◆ **Brief**
Could the listing below be returned exactly, with its pictures left out?

*** Source material

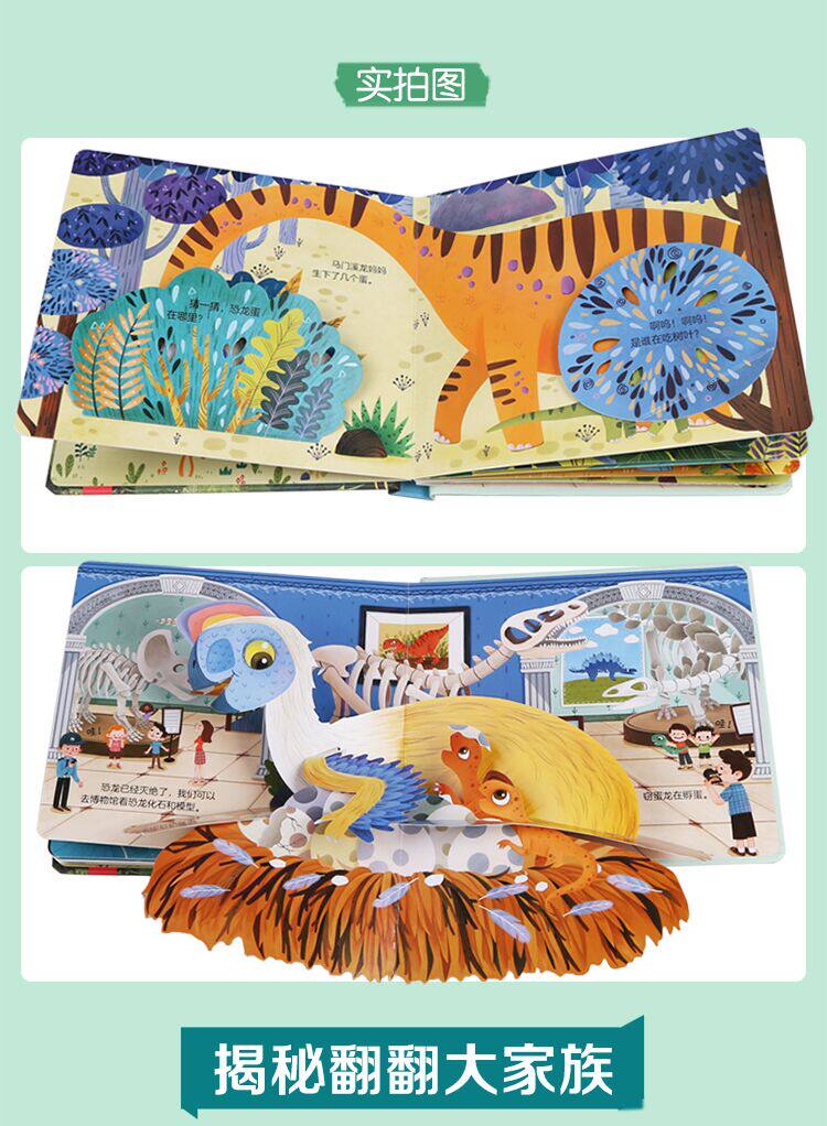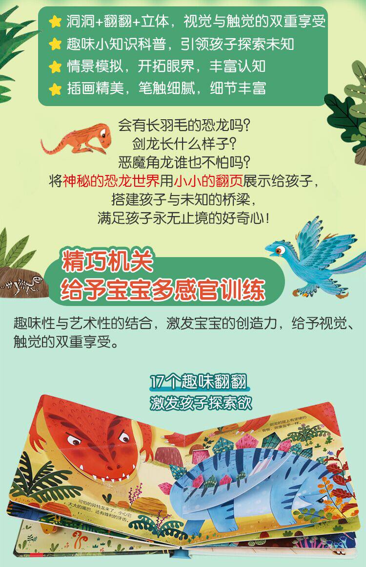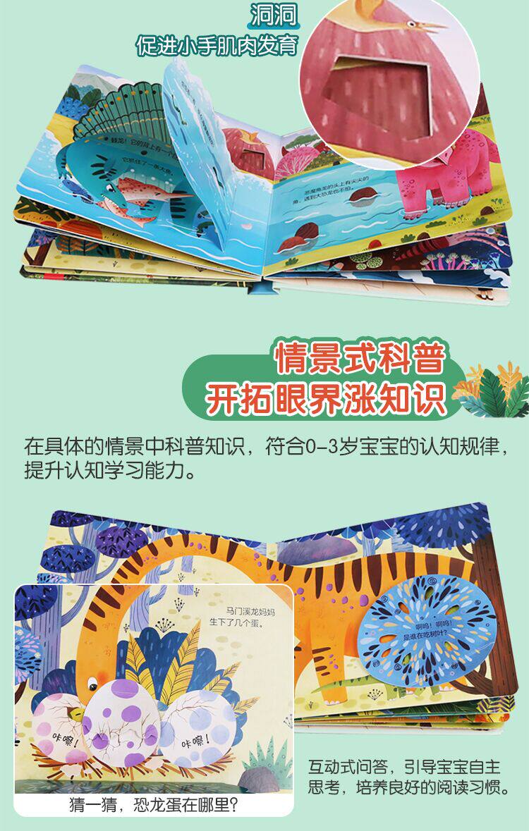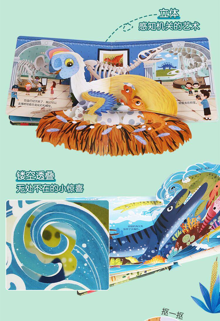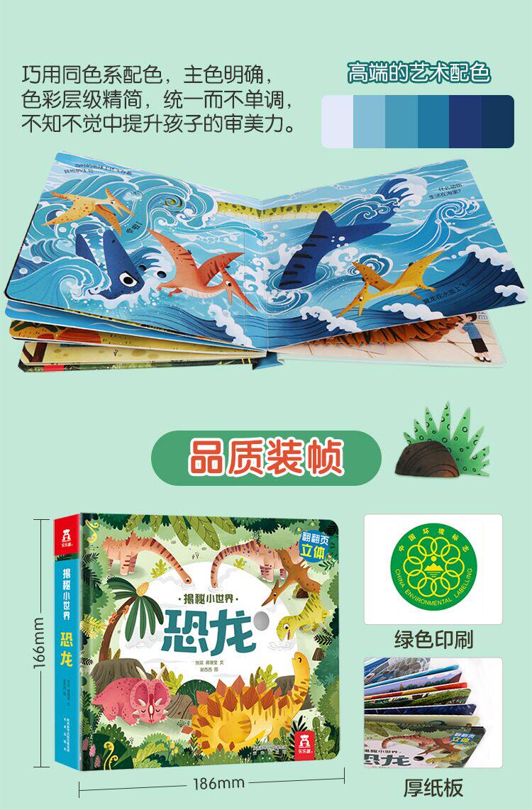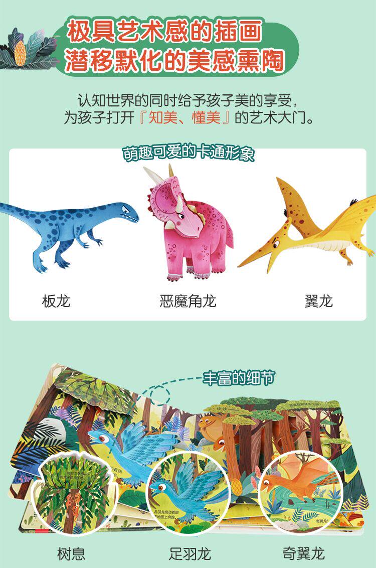 - Изысканные ручные иллюстрации, мягкие цвета, воспроизводят различные динозавры, которые когда -то жили на земле, позволяя детям улучшить свои эстетические способности в чтении и дать детям качественное чтение и удовольствие;
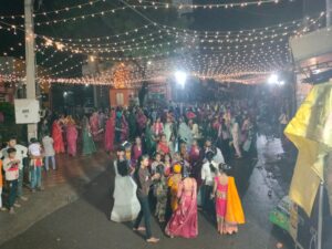 जुलवानिया / नवरात्रि महोत्सव में शनिवार की रात को दाडिया नाईट का आयोजन किया गया मां दुर्गा मंदिर समिति के द्वारा रात्रि में मां दुर्गा की आरती की गई इसके पश्चात मां दुर्गा की चालीसा पर सैकड़ो की संख्या में मात्र शक्तियों ने पाठ किया नाद म्यूजिकल ग्रुप इंदौर द्वारा गायक भूपेंद्र डोंगरे ने डांडिया नाइट में गरबा प्रस्तुत किया बारिश के चलते महिलाएं पंडाल में नाचते रहे और गरबा नृत्य करते रहे कार्यक्रम के दौरान लकी ड्रा में पुरस्कार भी दिए गए आयोजन में अश्विन जायसवाल डॉक्टर अंशु अंकुश जैसवाल महेश कड़वाल, राधेश्याम जयसवाल कमलेश साहू दिव्यानी वर्मा नीतू कौशल रेखा शर्मा आशा साहू नीलम साहू अनीता श्रीवास सचिन जायसवाल प्रखर साहू कालुराम जायसवाल का सहयोग रहा
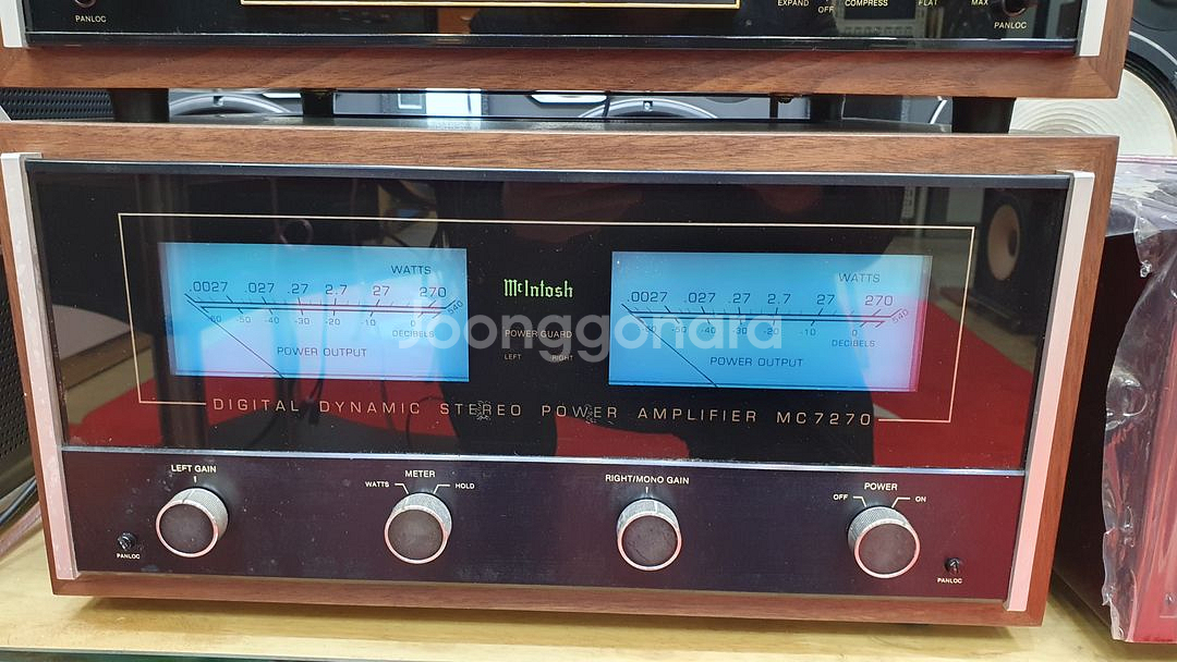 MC7270 디지털 파워앰프입니다. 브라운 우드 케이스에 LCD 디스플레이가 있어 출력 상태를 바로 확인할 수 있어요. 고급 오디오 장비로 상태 양호합니다. JBL스피커&야마하스피커 전문점 매킨토시MC7270 파워앰프/우드케이스/초민트급/NO기포 부산부전동 전자상가1층 아날로그오디오샆 문의 010-3863-6766 경동택배&고속버스/운임 6만원 가격 330만원

******

◆ **Answer box**
 - Изысканные ручные иллюстрации, мягкие цвета, воспроизводят различные динозавры, которые когда -то жили на земле, позволяя детям улучшить свои эстетические способности в чтении и дать детям качественное чтение и удовольствие;
 जुलवानिया / नवरात्रि महोत्सव में शनिवार की रात को दाडिया नाईट का आयोजन किया गया मां दुर्गा मंदिर समिति के द्वारा रात्रि में मां दुर्गा की आरती की गई इसके पश्चात मां दुर्गा की चालीसा पर सैकड़ो की संख्या में मात्र शक्तियों ने पाठ किया नाद म्यूजिकल ग्रुप इंदौर द्वारा गायक भूपेंद्र डोंगरे ने डांडिया नाइट में गरबा प्रस्तुत किया बारिश के चलते महिलाएं पंडाल में नाचते रहे और गरबा नृत्य करते रहे कार्यक्रम के दौरान लकी ड्रा में पुरस्कार भी दिए गए आयोजन में अश्विन जायसवाल डॉक्टर अंशु अंकुश जैसवाल महेश कड़वाल, राधेश्याम जयसवाल कमलेश साहू दिव्यानी वर्मा नीतू कौशल रेखा शर्मा आशा साहू नीलम साहू अनीता श्रीवास सचिन जायसवाल प्रखर साहू कालुराम जायसवाल का सहयोग रहा
 MC7270 디지털 파워앰프입니다. 브라운 우드 케이스에 LCD 디스플레이가 있어 출력 상태를 바로 확인할 수 있어요. 고급 오디오 장비로 상태 양호합니다. JBL스피커&야마하스피커 전문점 매킨토시MC7270 파워앰프/우드케이스/초민트급/NO기포 부산부전동 전자상가1층 아날로그오디오샆 문의 010-3863-6766 경동택배&고속버스/운임 6만원 가격 330만원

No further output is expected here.